- Action item -
A word-for-word copy of all entries is required, without images.

Supplied material below:

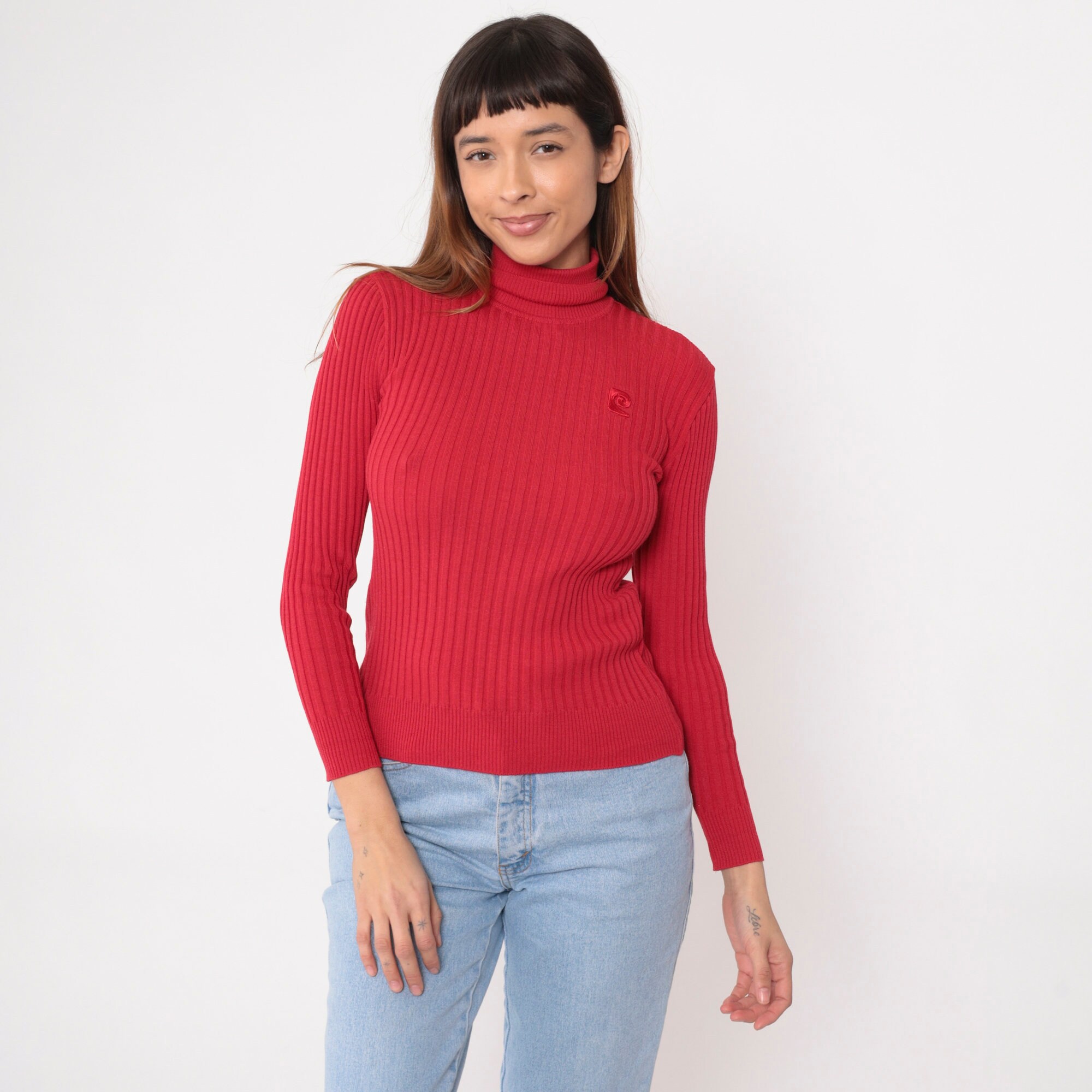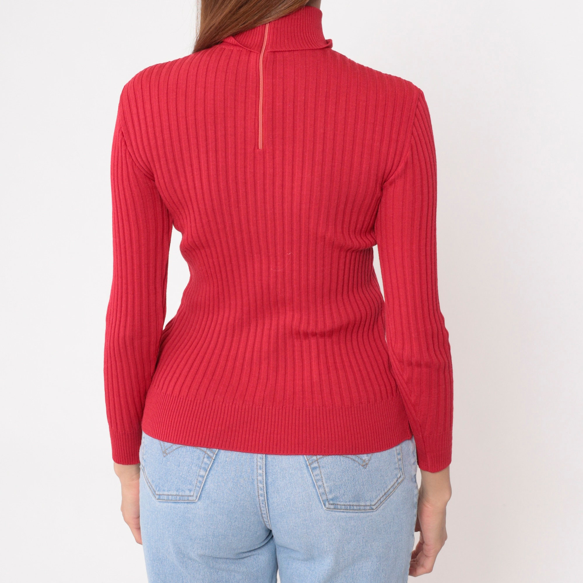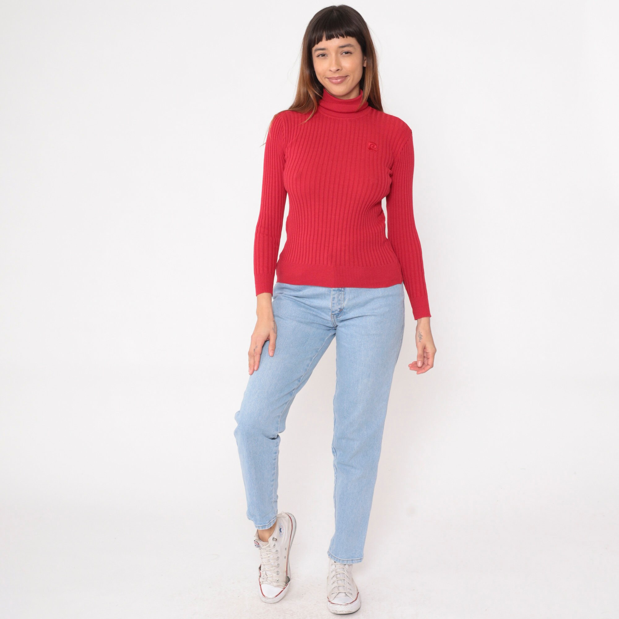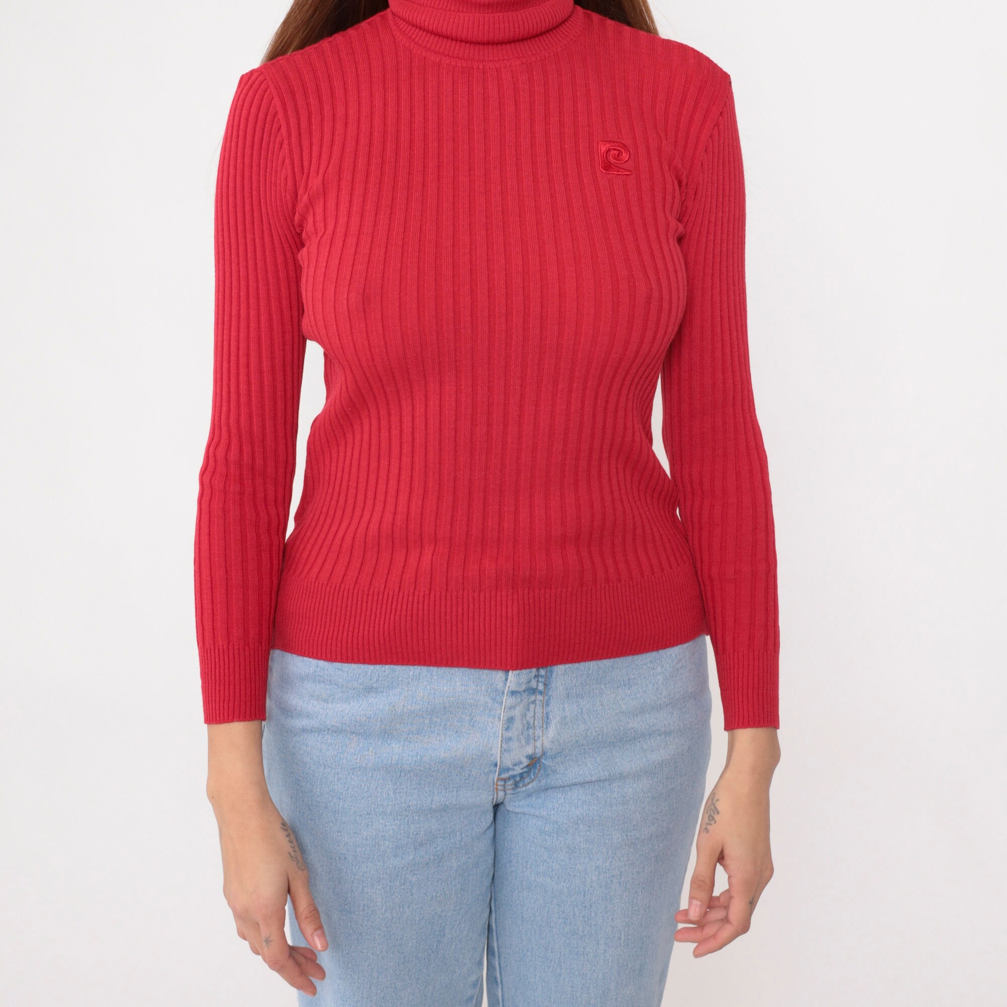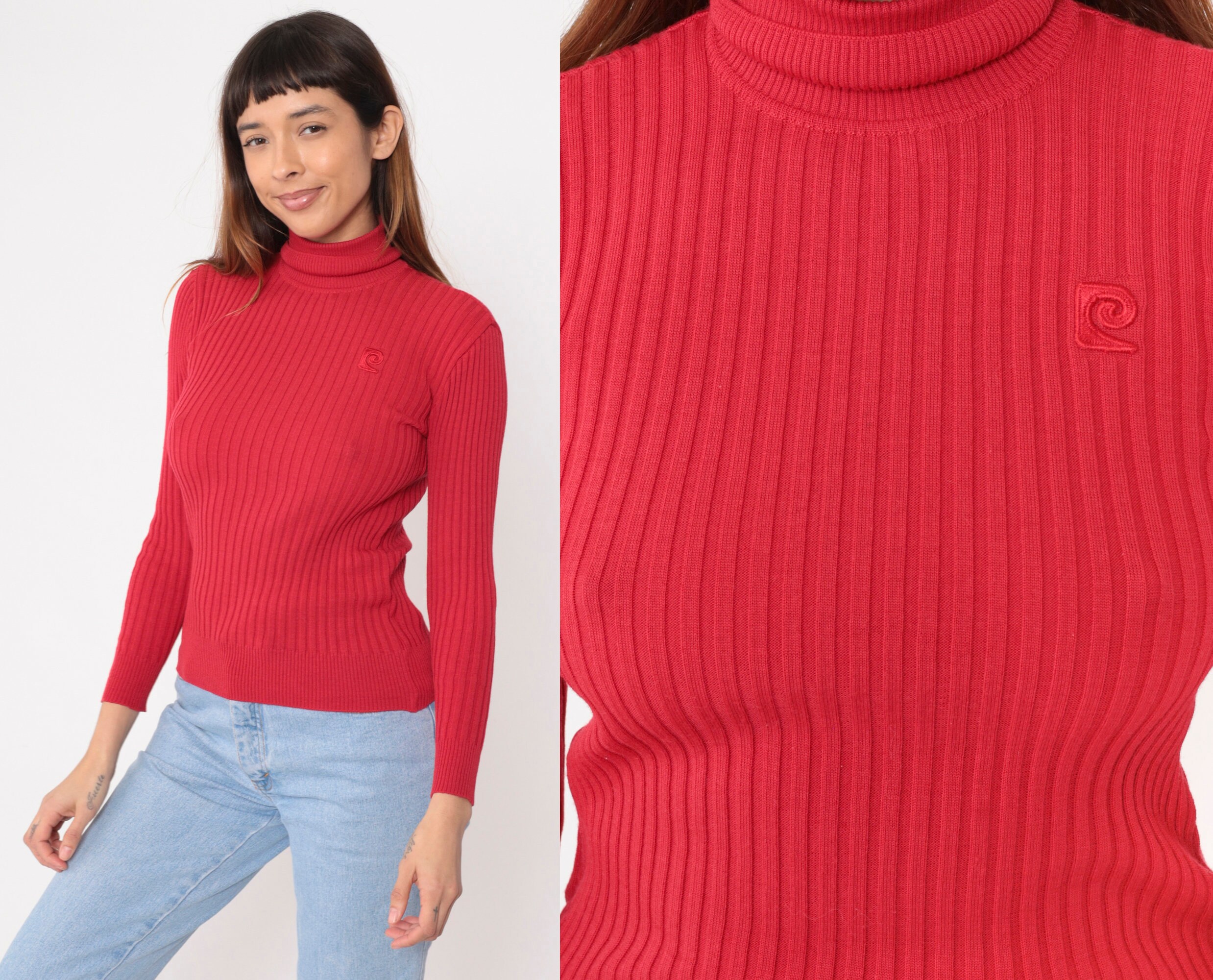 Vintage 80s sweater by Pierre Cardin in red ribbed knit with a turtleneck.
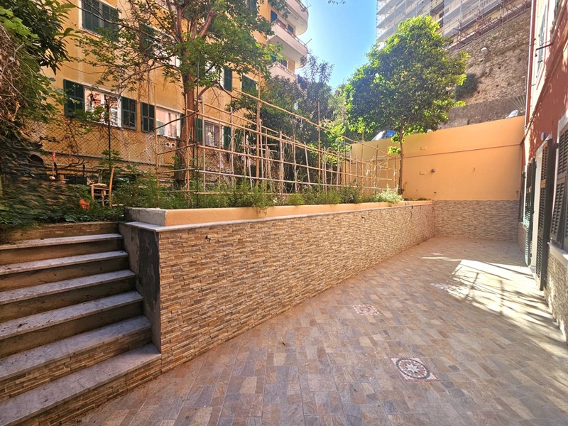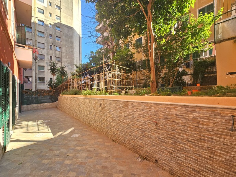 GENOVA PRINCIPE MIRAMARE appartamento con ampio terrazzo-giardino in vendita nalla parte iniziale di via Pagano Doria di vani 6. Edificio con parti comuni ordinate, interni da riordinare composti da ingresso, soggiorno, cucina, due camere, bagno, ripostiglio e grande terrazzo - giardino. Si accede allo spazio esterno direttamente dalla cucina e da una delle camere. Pur essendo un piano basso lappartamento e sufficientemente luminoso. Da vedere!
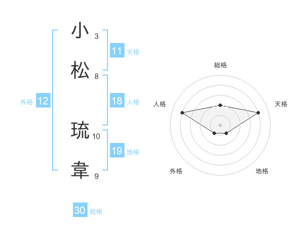 小松 琉韋さんを姓名の画数から五運を鑑定
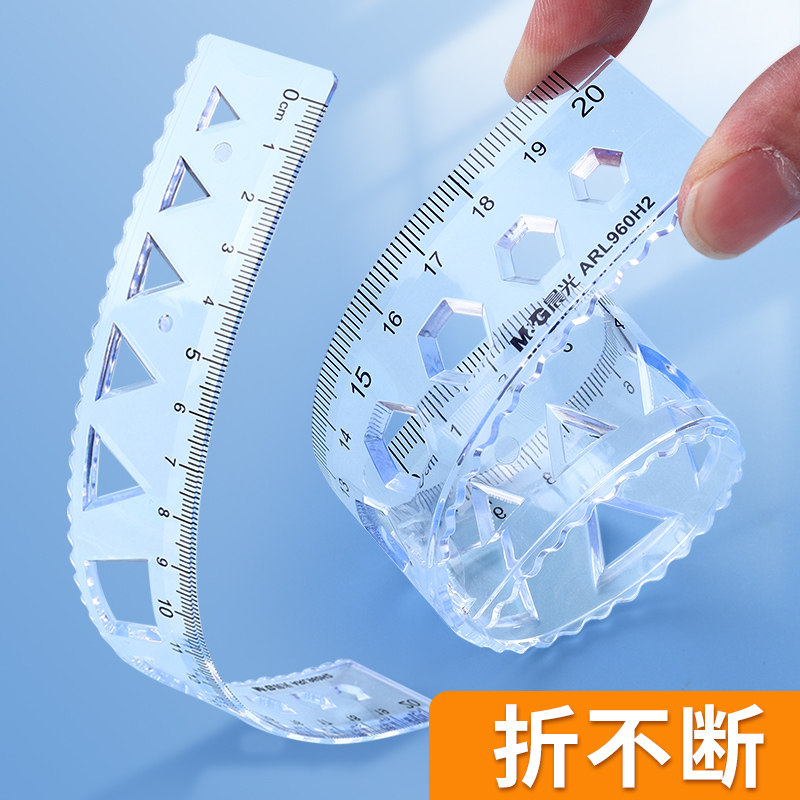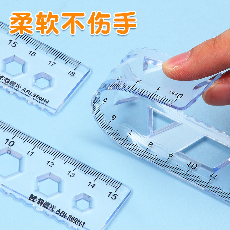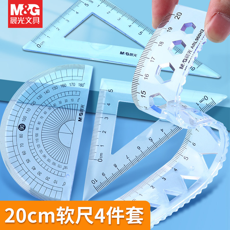 晨光软尺子学生文具软尺套装20cm透明软直尺带波浪线小学生一年级三角尺量角器多功能一套儿童套尺四件套
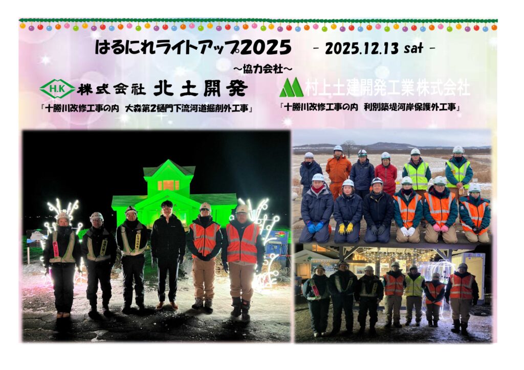 2025年12月13日(土)に豊頃町で開催されました「はるにれライトアップ2025」のイルミネーション装飾に参加しました。

End of Supplied material.

- Result below -
 Vintage 80s sweater by Pierre Cardin in red ribbed knit with a turtleneck.
 GENOVA PRINCIPE MIRAMARE appartamento con ampio terrazzo-giardino in vendita nalla parte iniziale di via Pagano Doria di vani 6. Edificio con parti comuni ordinate, interni da riordinare composti da ingresso, soggiorno, cucina, due camere, bagno, ripostiglio e grande terrazzo - giardino. Si accede allo spazio esterno direttamente dalla cucina e da una delle camere. Pur essendo un piano basso lappartamento e sufficientemente luminoso. Da vedere!
 小松 琉韋さんを姓名の画数から五運を鑑定
 晨光软尺子学生文具软尺套装20cm透明软直尺带波浪线小学生一年级三角尺量角器多功能一套儿童套尺四件套
 2025年12月13日(土)に豊頃町で開催されました「はるにれライトアップ2025」のイルミネーション装飾に参加しました。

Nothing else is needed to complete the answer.